Following the Arab Spring, the Middle East has been polarized for almost a decade by the opposition of two regional alliances, with Turkey and Egypt being key players within their respective camps. A thaw between the two sides has nevertheless started in 2021, and the normalization of the relations between Turkey and Egypt now seems within reach. Even if the East Mediterranean is not a priority of the Czech presidency of the EU, it is in its interest to favor such a rapprochement between two important regional players of its
neighborhood. Indeed, the normalization of the Turkish-Egyptian relations could be the key to the stabilization of the situation in Libya – at least partially, as it is crucial for minimizing Russian diplomatic and military expansion in the EU’s southern neighborhood, reducing the EU’s dependence on Russian energy and minimizing the refugee flow coming from the South. The EU can further underline the need to include a plurality of institutions and local actors in this process so it would go beyond an elite-driven process, which would otherwise produce only a short-term and unsustainable stabilization.

Recommendations

→ As Czechia is a country with stable relations with Egypt and Turkey, the Czech presidency should lay the ground for the future EU presidencies in terms of approaching the Turkish-Egyptian rapprochement strategically. It can, for instance, initiate a policy debate among the mid-range policymakers from the US, Turkey, Egypt, and the EU on how to start stabilizing Libya.

→ The Czech presidency should recommend that the EU Commission, especially the High Representative for Foreign Affairs (HR/VP), consider the potential impact of the Turkish-Egyptian rapprochement on irregular migrants taking the route through Libya and integrate the process into its toolkits for tackling migration, e.g., the EU Facility for Refugees in Turkey.
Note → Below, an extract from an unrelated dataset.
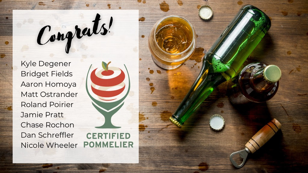 Newly Certified Pommeliers are: Matthew Ostrander of Ibantik Craft Beverages (Utah), Dan Schreffler of Space Time Mead and Cider Works (Pennsylvania), Chase Rochon of Craft Curbside (Maine), Jamie Pratt of Liberty Ciderworks (Washington), Nicole Wheeler of Treehorn Cider (Georgia), Aaron Homoya of Ash & Elm Cider Co (Indiana), orchardists Kyle Degener (Holy Beez Orchard, Kentucky) and Roland Poirier (New York), and cider aficionado Bridget Fields (Washington, D.C.).

→ The Czech presidency should recommend that the EU Commission, especially the HR/VP, consider the potential impact of the Turkish-Egyptian rapprochement on energy security and how it can be integrated into the Mediterranean Green Hydrogen Partnership.
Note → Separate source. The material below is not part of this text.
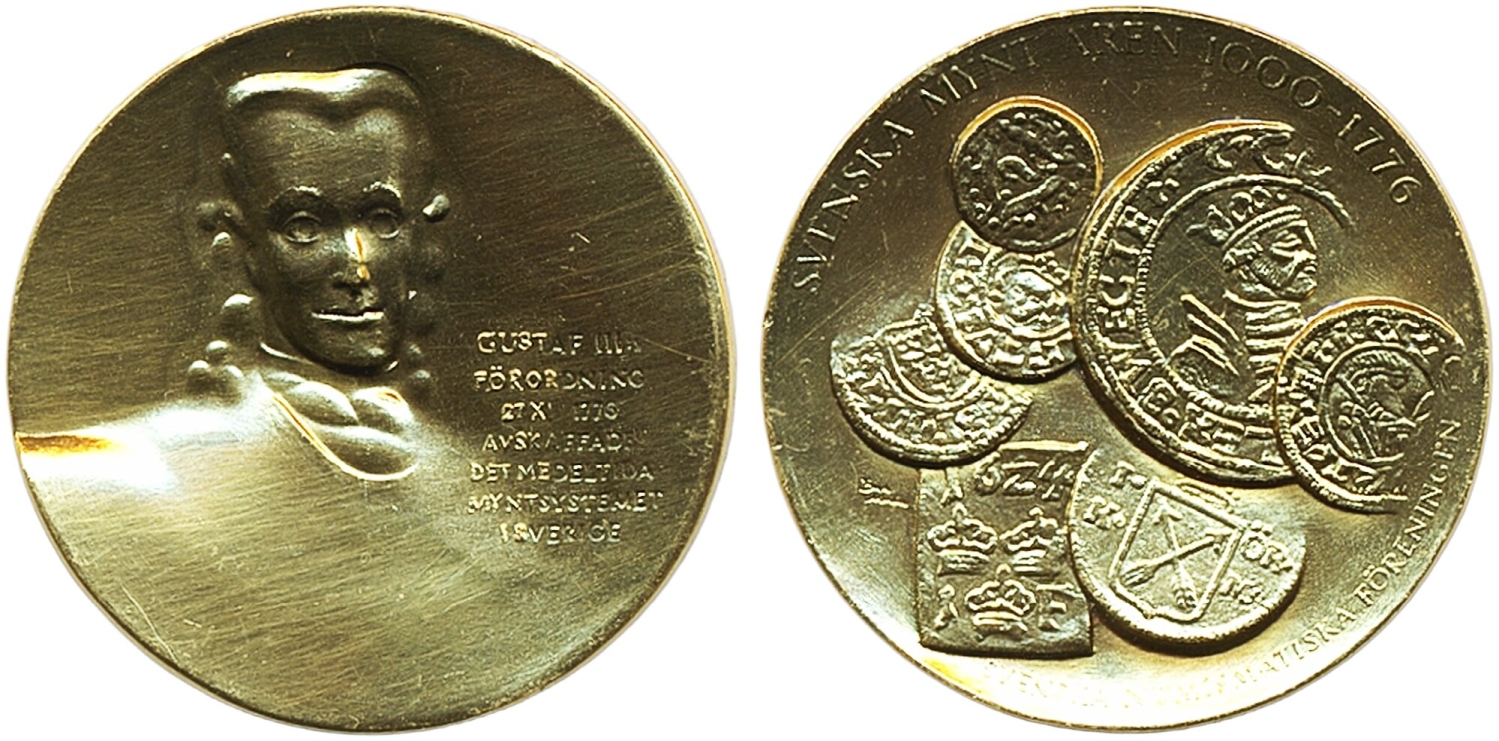 Medals, non-regal, Sweden. "SVENSKA MYNT ÅREN 1000–1776". Medal in gold, 31 mm, 25.68 g. 18K, by Ernst Nordin. Issued by Svenska Numismatiska Föreningen. Number 2 · 1000 on edge. 0.

→ The Czech presidency should recommend that the EU Commission, especially the HR/VP, approach the Turkish-Egyptian rapprochement (and its potential impact on Libya) as one area to strengthen transatlantic relations within the framework of the Global Fragility Act announced by the US.

→ The integration of the Turkish-Egyptian rapprochement into EU instruments for the stability of Libya should yet be viewed with precaution as the motivation for the rapprochement mainly lies in the political leaders’ interests in preserving their power within their respective regimes. That is why it is important to underline ‘good governance’ and ‘inclusion of a plurality of institutions and local actors’ in the process of creating a mechanism for stability.